Many of Buckingham"s songs on the album have a topical bent. 'What"s the world coming to?' The title of the opening track frankly asks. And 'Murrow Turning Over in His Grave' envisions the reaction that the late pioneering new broadcaster Edward R. Murrow might have if he could see the current state of the mass media. "Murrow gave that famous parting speech when he left CBS, warning what would happen if we didn"t take responsibility for TV and use it in the right way," Buckingham explains. "Obviously, we haven't. So "Murrow" is just a song about how the media gets abused and how it is used for propaganda. Even the fact that somebody like GE would own NBC. That whole connection--down to the agendas that go into what you see on NBC, because it is owned by a weapons maker. It"s just kind of weird and not very good. Not good for the kids. It diverts and deludes."

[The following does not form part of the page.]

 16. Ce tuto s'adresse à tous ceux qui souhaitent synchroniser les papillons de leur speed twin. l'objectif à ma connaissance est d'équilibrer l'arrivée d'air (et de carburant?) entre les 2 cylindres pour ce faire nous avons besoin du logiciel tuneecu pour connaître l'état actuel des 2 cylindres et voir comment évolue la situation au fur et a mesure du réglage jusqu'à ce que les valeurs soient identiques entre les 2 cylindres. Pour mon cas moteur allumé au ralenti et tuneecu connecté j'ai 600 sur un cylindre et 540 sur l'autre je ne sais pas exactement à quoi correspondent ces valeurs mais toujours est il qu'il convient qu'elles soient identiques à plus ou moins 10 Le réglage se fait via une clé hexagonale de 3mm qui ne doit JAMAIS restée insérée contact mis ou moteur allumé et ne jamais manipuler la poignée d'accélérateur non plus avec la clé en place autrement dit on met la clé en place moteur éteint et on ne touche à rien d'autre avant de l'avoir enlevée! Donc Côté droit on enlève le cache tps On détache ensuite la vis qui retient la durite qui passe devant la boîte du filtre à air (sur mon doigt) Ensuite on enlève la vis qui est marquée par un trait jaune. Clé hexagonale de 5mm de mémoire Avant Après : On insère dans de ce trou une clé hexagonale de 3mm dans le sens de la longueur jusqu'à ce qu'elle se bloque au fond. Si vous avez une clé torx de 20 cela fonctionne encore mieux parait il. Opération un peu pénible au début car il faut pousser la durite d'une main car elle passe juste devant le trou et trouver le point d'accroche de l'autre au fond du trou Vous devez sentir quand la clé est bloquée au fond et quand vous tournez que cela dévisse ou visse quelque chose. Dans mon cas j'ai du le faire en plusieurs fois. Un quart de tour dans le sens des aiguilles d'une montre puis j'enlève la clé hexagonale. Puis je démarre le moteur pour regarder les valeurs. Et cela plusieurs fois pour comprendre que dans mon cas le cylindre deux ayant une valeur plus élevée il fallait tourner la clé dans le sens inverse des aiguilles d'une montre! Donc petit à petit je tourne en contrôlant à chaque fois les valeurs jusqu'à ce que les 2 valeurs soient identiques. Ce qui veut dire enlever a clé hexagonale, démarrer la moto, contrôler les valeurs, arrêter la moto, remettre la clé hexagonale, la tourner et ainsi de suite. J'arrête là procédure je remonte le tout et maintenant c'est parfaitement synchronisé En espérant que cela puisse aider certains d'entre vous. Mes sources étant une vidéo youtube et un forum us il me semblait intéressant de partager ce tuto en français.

Like many a maturing rock and roller, Buckingham finds the experience of parenthood has made him especially apprehensive about the future course of world events. "The whole album has been the soundtrack to what"s been happening in my life over the past six years--getting married, having two children, tearing down the house on the property I live on and building a new one. And when you have children, you do get more concerned about the world. Songs like 'What's the World coming To' probably seem more literal since 9/11. But all of these things were written before then. And they"re all probably more about my personal world.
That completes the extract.